In this context, increased HLA class II expression reflecting specific antigen-presenting immune cells was seen in the cardiac interstitium surrounding small-sized vessels in some patients. Hence, the infection of coronary endothelial cells with parvovirus B19 may cause a kind of ‘‘coronary vasculitis’’, which may constitute a major determinant of the future clinical course and of the myocardial spread of the inflammation.
In conclusion, parvovirus B19-associated myocarditis, with or without virus persistence, may cause severe CMD and angina. Accodingly, parvovirus B19-associated myocarditis can mimic myocardial infarction and persistence of the virus in coronary microcirculation may be responsible for persistent angina [69]. It follows that in patients who present severe rest angina, troponin raise and fall, and ischemic-like ECG changes, and are found to have angiographically normal epicardial coronary arteries, an intracoronary acetylcholine test is indicated in order to establish the presence of distal diffuse coronary vasoconstriction (different from proximal focal spasm observed in vasospastic angina). The diagnosis of myocarditis can then be established by myocardial biopsy confirming the presence of parvovirus B19. Interestingly while in myocarditis CMR typically shows mesocardial or subepicardial late gadolinium enhancement, in patients with positive acetylcholine testing a subendothelial location can be observed perhaps reflecting ischemic necrosis [70].
5.5 Infiltrative Heart Diseases
Infiltrative heart diseases are predominantly characterized by systemic alterations that cause symptoms and signs related to other organs and systems and/or by myocardial alterations responsible for symptoms and signs of heart failure. Notably, in a sizeable proportion of these patients angina is also present and, in a minority of patients, is the initial symptom. In these patients angina is typically caused by CMD; thus the occurrence of MVA, although rather infrequent, can represent the first clue to the diagnosis of a complex systemic disease.
The two infiltrative heart diseases most frequently associated with the evidence of CMD are Anderson-Fabry disease and amyloidosis.

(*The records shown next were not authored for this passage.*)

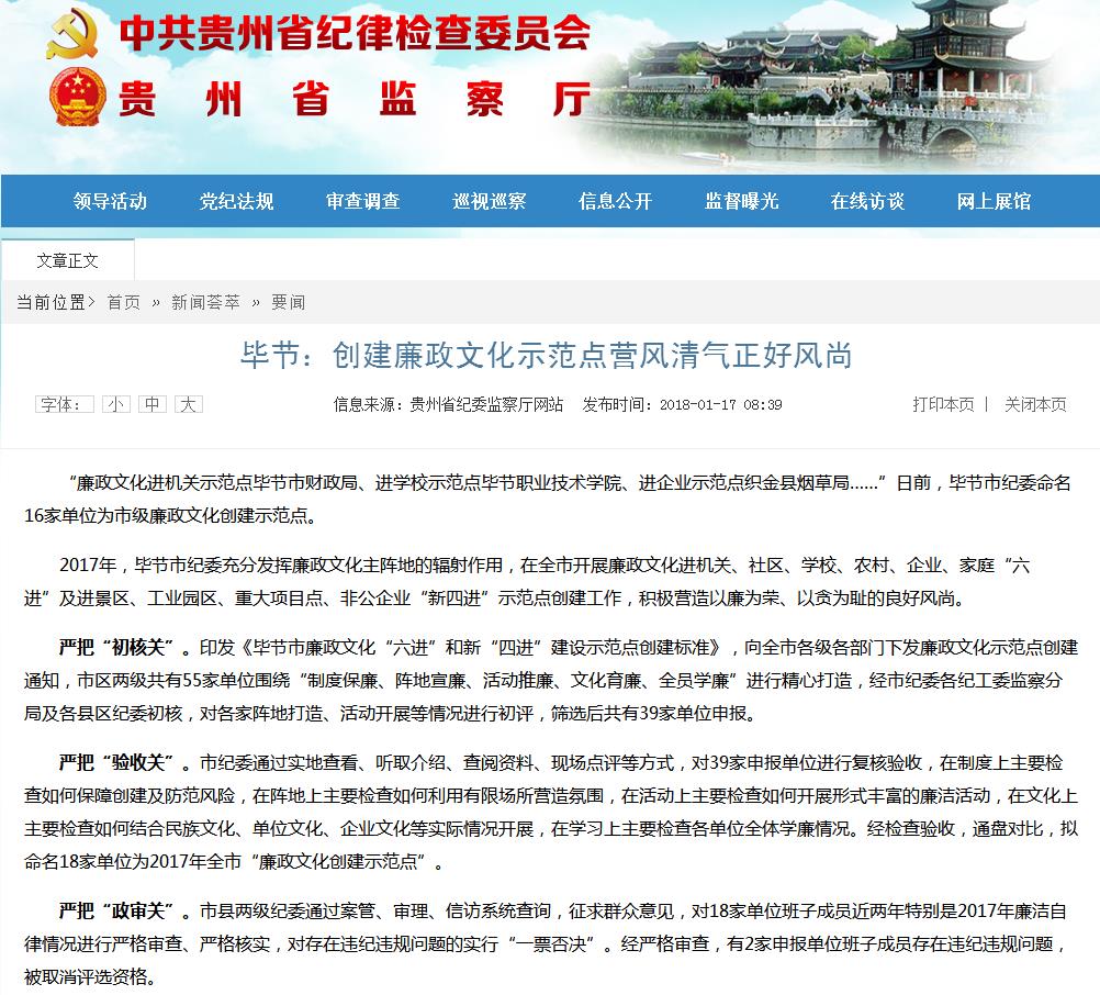 2018年01月17日贵州省纪委监察厅网站要闻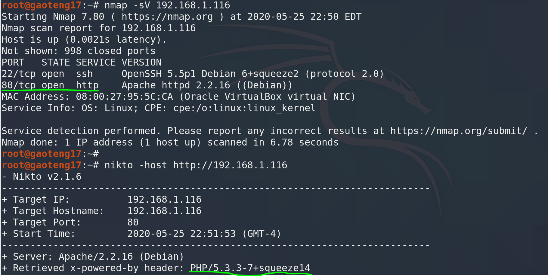 51CTO的网课,本篇利用nmap搜索开放端口,dirb挖掘敏感目录,使用owasp zap扫描可利用漏洞,用sqlmap进行get参数注入,获取用户名和口令,上传反弹shell,获得权限,拿到flag。
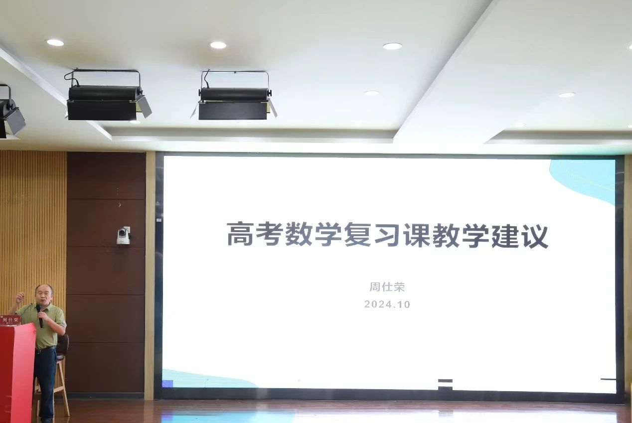 周仕荣教授作题为《高三数学复习课的教与学建议》的讲座。周仕荣教授认为2024年的高考数学更加注重对学生思维能力、创新能力以及应用能力的考查,强调数学核心素养如逻辑推理和数据分析等。教学建议回归课本,注重基础知识的理解与应用,避免机械训练。复习过程中提倡深度学习,鼓励学生批判性思考,将知识迁移至新情境中解决问题。高三复习课需帮助学生建立完整的数学知识框架,并通过反思改进来提升学习效果。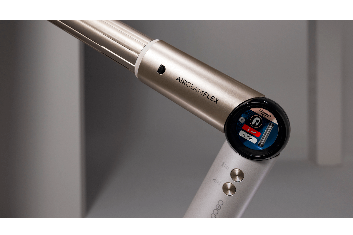 Destaca el efecto Coanda que consigue con sus cuatro cilindros rizadores, de 32 mm y 38 mm para el lado izquierdo y de 32 mm y 38 mm para el derecho, diseñados para atraer y envolver cada mechón con aire caliente, dándoles la forma deseada en cuestión de segundos.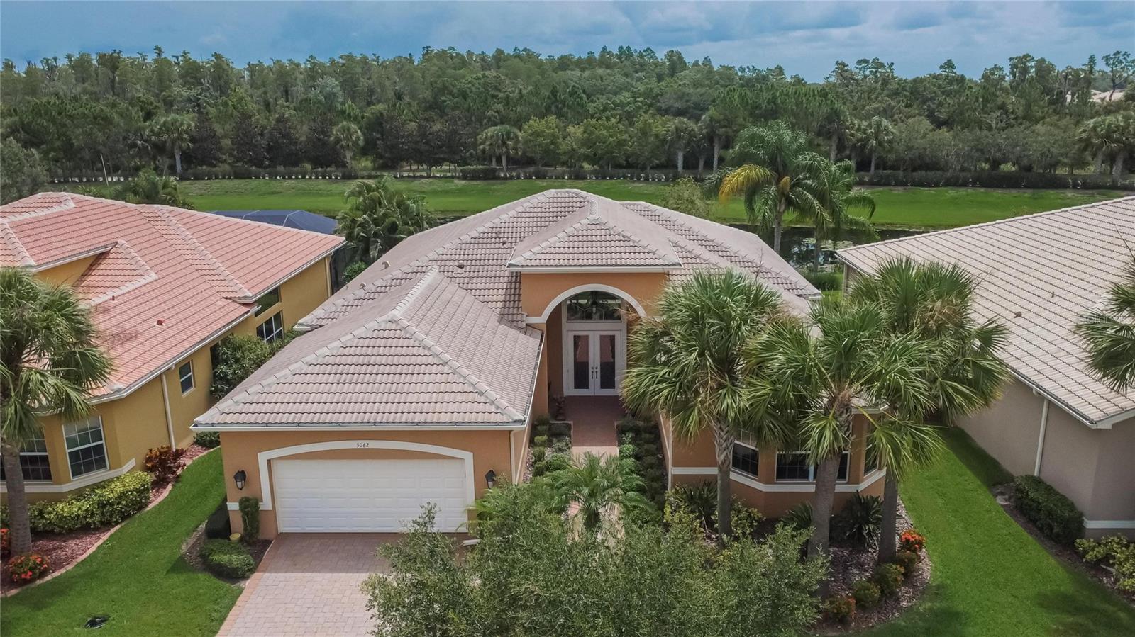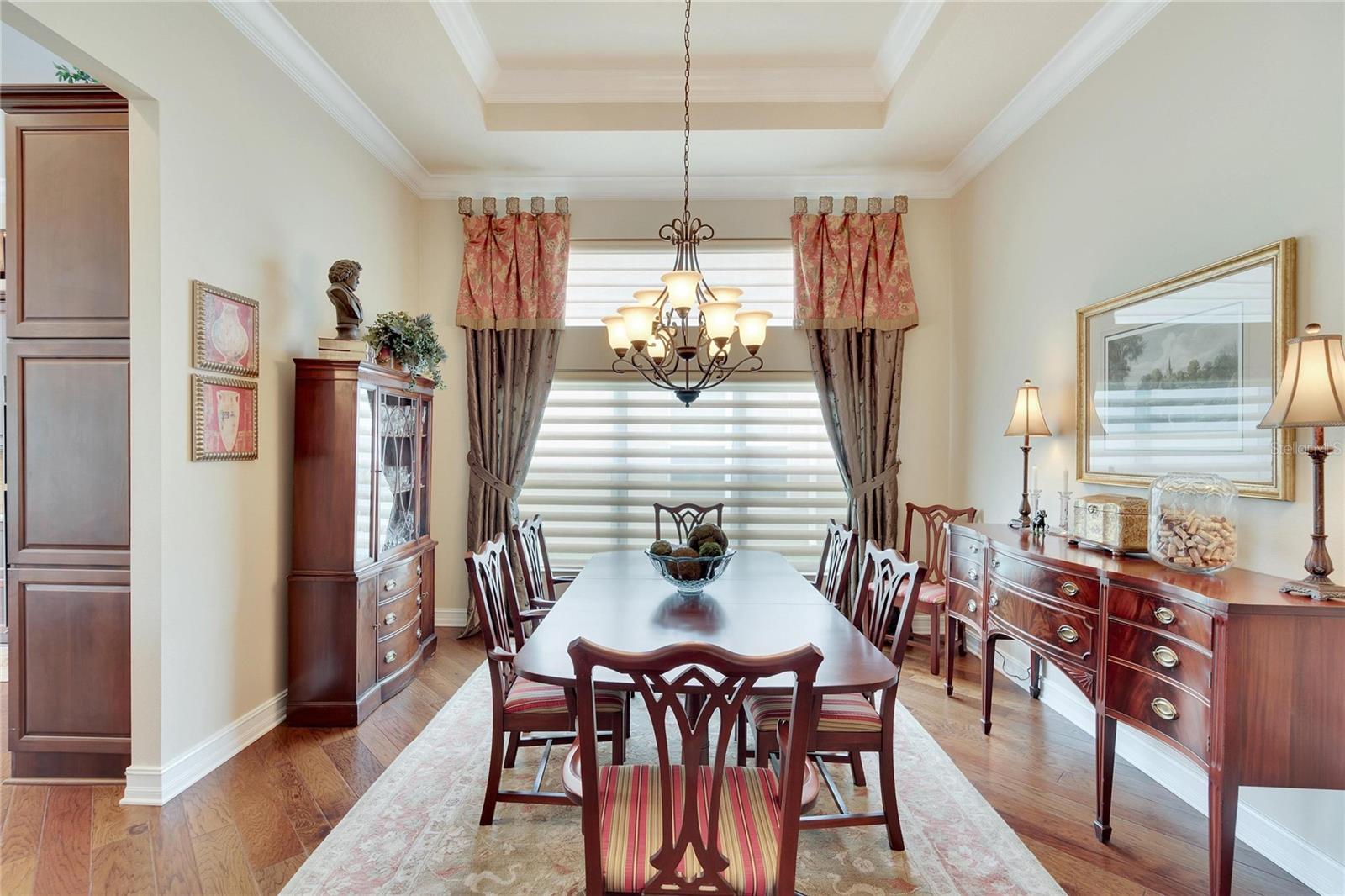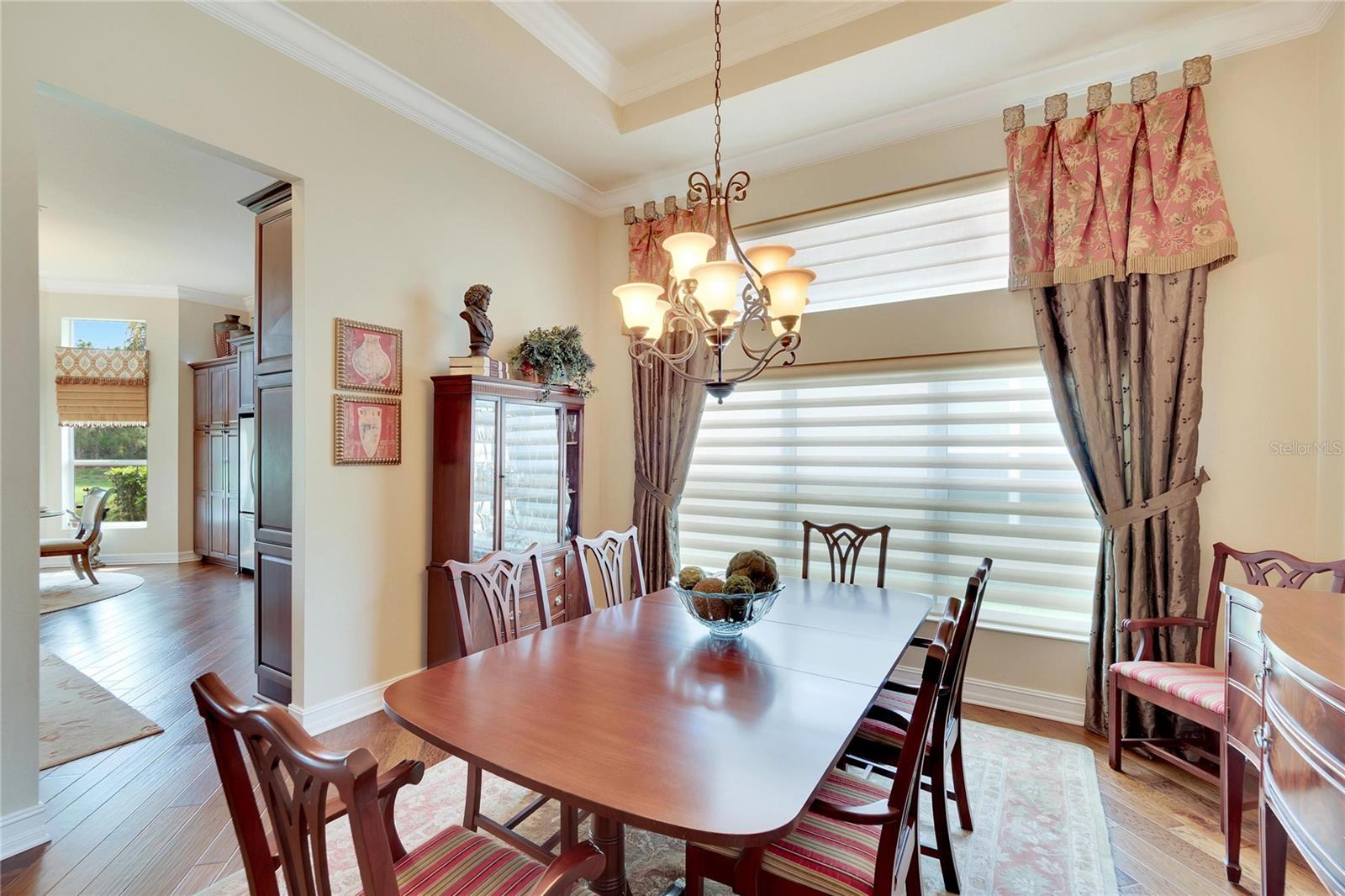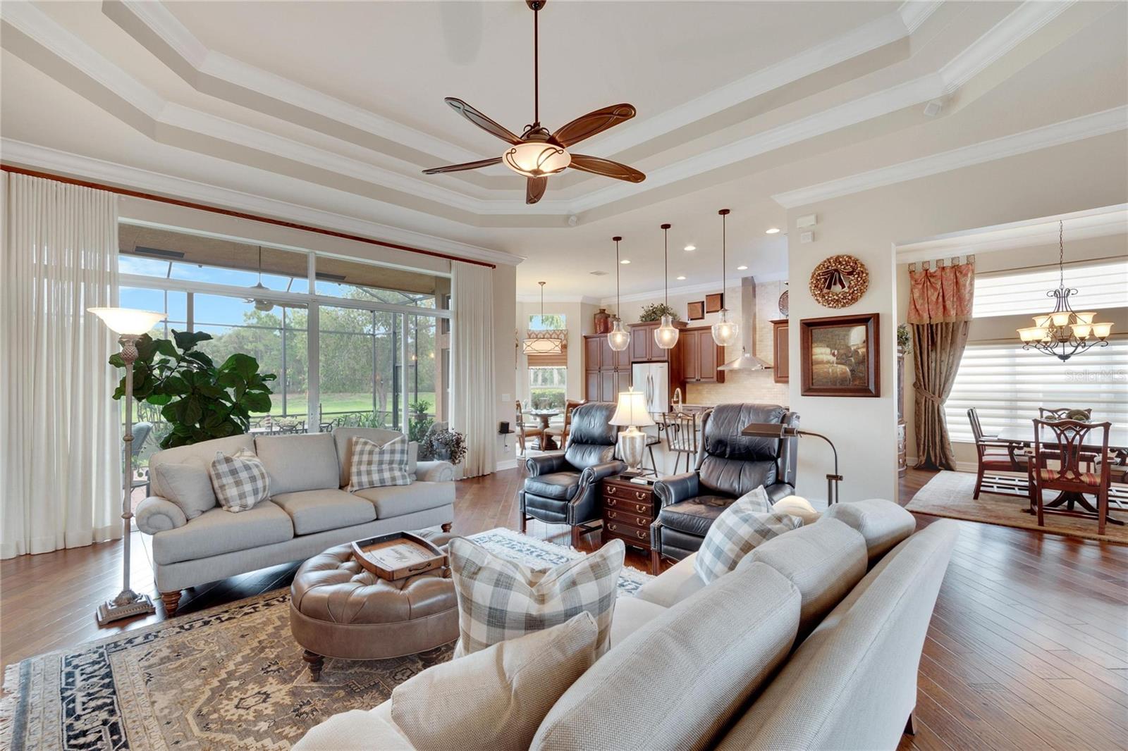 Welcome to luxury living at its finest in Valencia Lakes, Florida’s premier 55+ community. Step into the elegance of the Tivoli Model, where double wrought iron glass doors open into a grand great room offering stunning views of tranquil waters and the extended outdoor lanai. This custom-designed home boasts a wealth of features designed for comfort and style. The expansive great room is highlighted by a tiered ceiling adorned with crown molding, complemented by hand-scraped hickory hardwood floors that flow seamlessly through the great room, kitchen, dining area, powder bath, and laundry room. An entertainment center complete with a wet bar and wine cooler sets the stage for relaxed gatherings and evenings of entertainment. In the heart of the home, the gourmet kitchen is a chef’s delight with custom-designed maple cabinets, abundant pull-outs, and upgraded stainless steel appliances including a oven/microwave combo. The stainless steel range hood is a focal point, accented by subway tile extending to the ceiling. A generously sized bar offers additional workspace and casual dining options. Retreat to the master suite featuring a majestic 12-ft trey ceiling with crown molding, dual master closets with custom cabinetry, and a luxurious spa-like master bath. This sanctuary includes beveled framed mirrors, plantation shutters, dual sinks, a soaking tub, a spacious shower, and a linen closet for added convenience and storage. The second bedroom functions as another master suite, complete with a walk-in closet, plantation shutters, and an upgraded bath boasting custom cabinets and stone countertops. A well-appointed den with wood flooring provides flexible space for a home office or additional living area. Additional upgrades throughout the home include comfort height commodes, large baseboards, designer ceiling fans, upgraded lighting fixtures, custom window coverings, and rear speakers in the great room. A water softener enhances daily living comforts. For added convenience, the large laundry room offers ample cabinet and counter space along with a washer and dryer. This meticulously maintained property is move-in ready, offering not just a home but a lifestyle tailored for relaxation and enjoyment. Don’t miss your chance to own this exquisite home in Valencia Lakes, where luxury meets convenience in a vibrant 55+ community setting. Schedule your private tour today and discover the unparalleled charm and sophistication of this remarkable property.

5.5.1 Anderson-Fabry Disease
Anderson-Fabry disease is caused by an X-linked deficiency of lysosomal α-galactosidase A. It has been reported in up to 6 % of men and 12 % of women with late-onset HCM [79]. Lysosomal α-galactosidase A deficiency results in multiorgan damage determined by glycosphingolipid deposition, mainly globotriaosylceramide, with renal, cardiac and cerebrovascular involvement, and premature death [80]. In the heart, glycosphingolipid deposition is accompanied by secondary changes, such as myocyte hypertrophy, which can mimic the morphological and clinical picture of HCM as well as that of other diseases characterized by LVH (Fig. 5.14) [81]. Progressive deterioration of LV function and myocardial scarring occurs in a significant number of patients [82].